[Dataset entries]
_ _ _ _ _ _ _

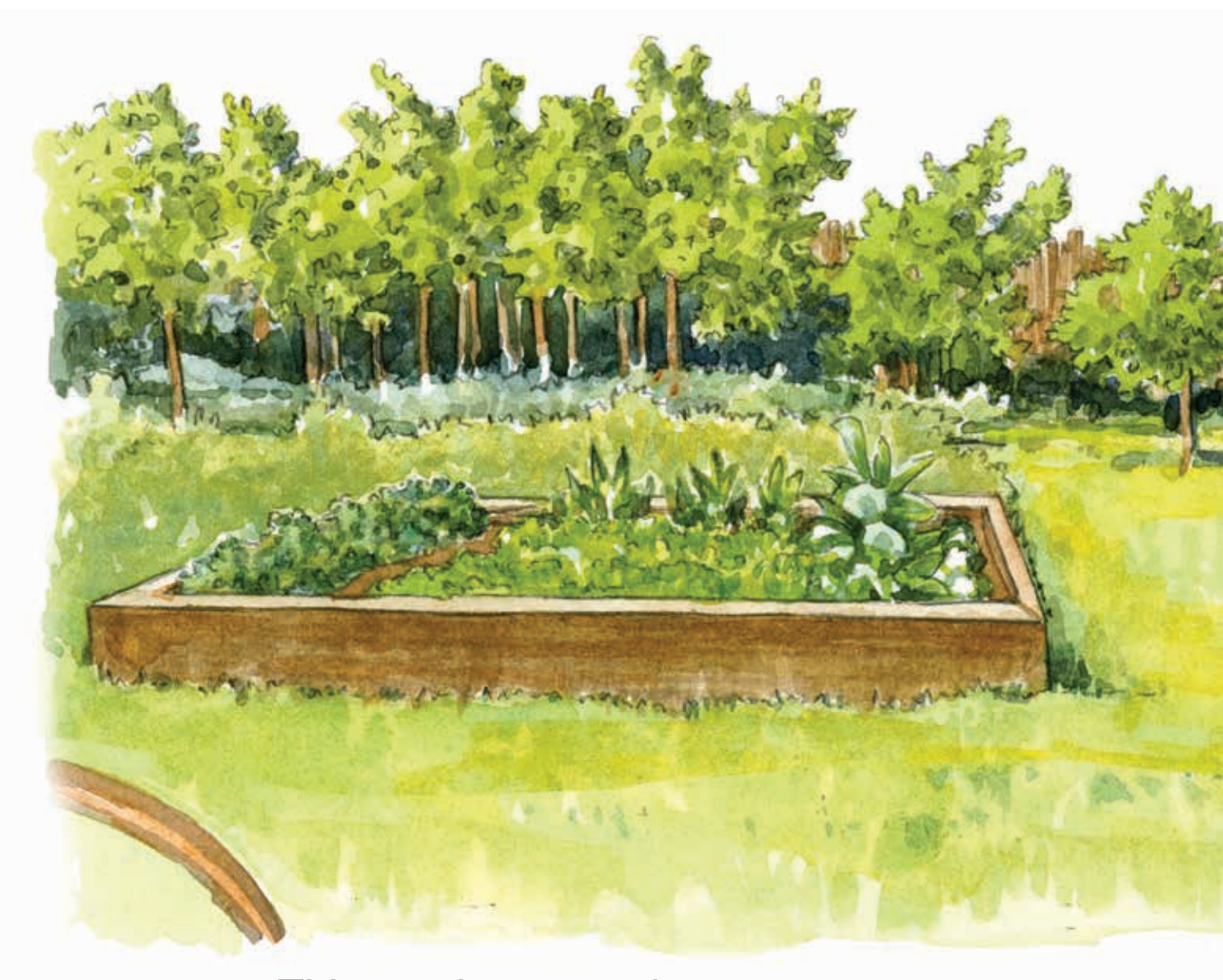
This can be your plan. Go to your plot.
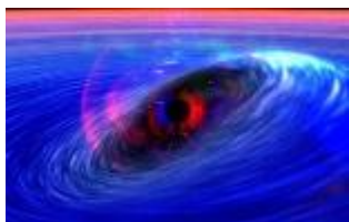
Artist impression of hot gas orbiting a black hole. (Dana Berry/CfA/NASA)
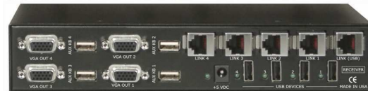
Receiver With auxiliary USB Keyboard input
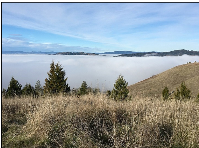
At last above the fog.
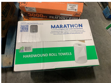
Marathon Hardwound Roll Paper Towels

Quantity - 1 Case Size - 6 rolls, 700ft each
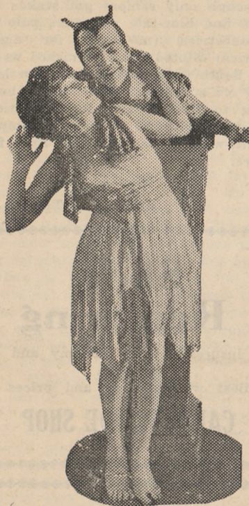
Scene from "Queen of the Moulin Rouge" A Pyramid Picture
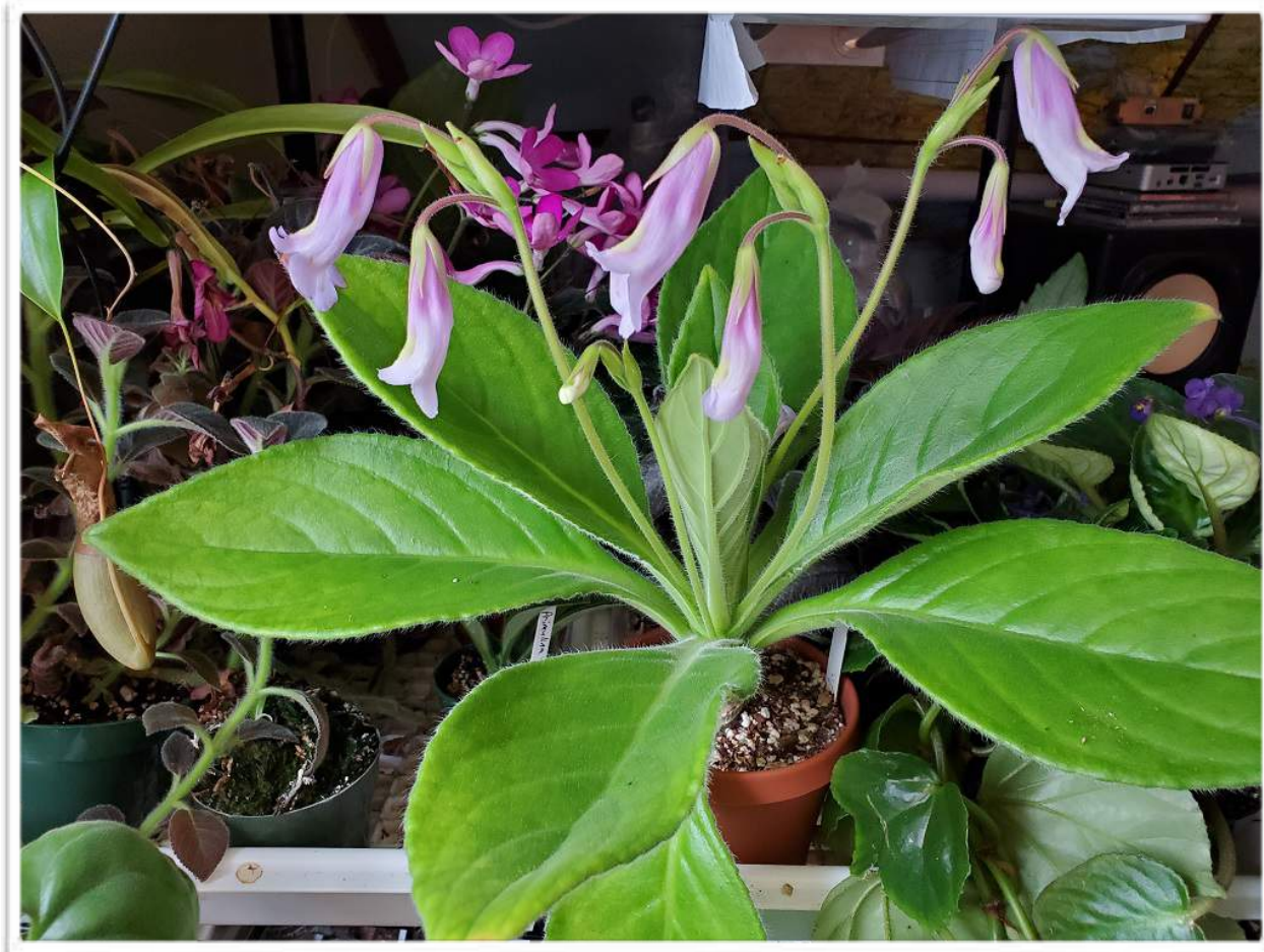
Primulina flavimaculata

_ _ _ _ _ _ _

__TASK ITEM__:
Each line above must be repeated exactly in the answer, with pictures omitted.

__OUTPUT FOR THIS EXERCISE__:
This can be your plan. Go to your plot.
Artist impression of hot gas orbiting a black hole. (Dana Berry/CfA/NASA)
Receiver With auxiliary USB Keyboard input
At last above the fog.
Marathon Hardwound Roll Paper Towels

Quantity - 1 Case Size - 6 rolls, 700ft each
Scene from "Queen of the Moulin Rouge" A Pyramid Picture
Primulina flavimaculata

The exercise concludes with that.